North Paulo, was just ringing my brother in law who goes shark fishing off norah to see if he was up for it in his 4m tinnie Vs the 7m shark :lol: I reckon he would stand less of a chance than the yaks, at least we would pop back up again when we got pulled under :lol: :lol: :lol:

Cheers Dave


----------



## Breambo (Apr 19, 2006)

Be careful paulo. Ive encountered a large white here in the yak 2 winters ago and I wont go out here if there are sightings now, they are one shark that will sink your yak !!! The one that comes here almost bit the transom off my mates boat last year. Like Jaws all over again :lol:


----------



## spooled1 (Sep 16, 2005)

He/ she gets bigger every year... I think its the same one that visits every NSW seaside town North of Sydney.


----------



## Breambo (Apr 19, 2006)

spooled1 said:


> He/ she gets bigger every year...


...... from eating kayak fishos :lol:


----------



## fishnfreak (Jun 22, 2007)

thats bloody huge, every source i have read has listed them as growing to 6m maximum, but then again Jaws got bigger than that huh.


----------



## justcrusin (Oct 1, 2006)

they get bigger or they use too according to wikiepidiea



> For several decades, many ichthyological works, as well as the Guinness Book of World Records, listed two great white sharks as the largest individuals caught: an 11 m (36 ft) great white captured in Southern Australian waters near Port Fairy in the 1870s, and an 11.3 m (37 ft) shark trapped in a herring weir in New Brunswick, Canada in the 1930s. While this was the commonly accepted maximum size, reports of 7.5 to 10 metre (25 to 33.3 ft) great white sharks were common and often deemed credible.

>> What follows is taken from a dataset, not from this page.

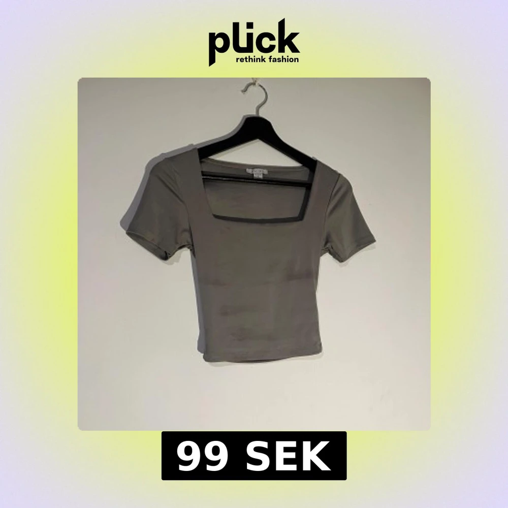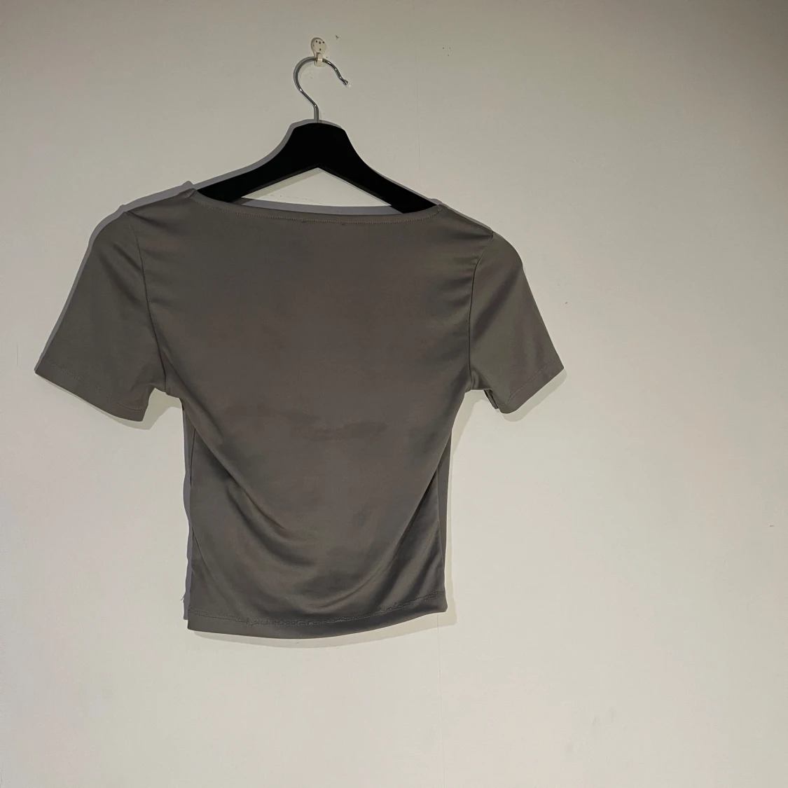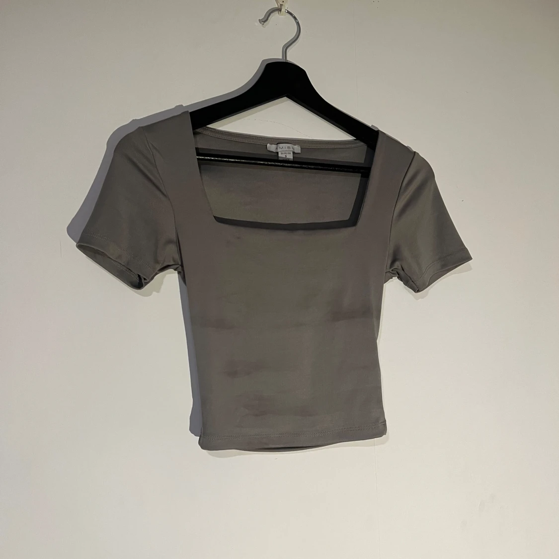 Snygg grå topp med korta ärmar och fyrkantig halsringning. Perfekt för en stilren look.

http://en.wikipedia.org/wiki/Great_white_shark#Size

They reckon the maxium is around 6-7m but i think we just killed the large sharks off for a while now there protected they will get bigger again

Cheers Dave


----------



## wopfish (Dec 4, 2006)

Far Kurnel !!!!! I heard of one of its babies being caught a few years back now by somebody netting the beaches a perfectly formed baby GWS.............. and now mums been found........ I bet some nutter tries to fish her out !!!!


----------



## Thomas (Aug 22, 2007)

I double dare anyone!!!!


----------



## Shorty (May 11, 2008)

Has anybody got a Shark Shield they want to test out ? :lol:


----------



## T-curve (Feb 19, 2007)

Phuq that .. :shock: ..Just when i was getting geared up for offshore work...haha. Hmmm better get some bigger rods :lol:


----------



## EstuaryGirl (Oct 28, 2007)

And my parents informed me today they use to wade this lake prawning a few years back as we were testing out the old prawning lights today.
Somehow they are no longer keen to repeat a prawning session down there now :? :?  :shock: :shock: :shock:

EG


----------



## bazzoo (Oct 17, 2006)

No problems guys , i have just PMd Gatesy and hes rigging his wire gear and is on a jet and on his way back as we speak , but he needs to borrow a kayak preferably a hobie adventure with armour plating at each end , so how about it paulie :lol: :lol: :lol:


----------



## Ado (Mar 31, 2008)

Oh Paddy LMAO ..... Big Time. :lol: :lol: :lol: :lol: :lol: :lol:


----------



## bazzoo (Oct 17, 2006)

patwah said:


> Bait store around the corner has baby dolphins for $50 a pop :twisted: :twisted: :twisted:


ha ha ha ha bwahahahahahahahayou idiot Paddyha ahha ha ha ha :lol: :lol: :lol: :lol: :lol:


----------



## beefs (Jan 30, 2006)

what a load of bollocks. A 7m great white doesn't get caugth in trawler nets...a creature that big doesn't get that big by hanging around trawler nets.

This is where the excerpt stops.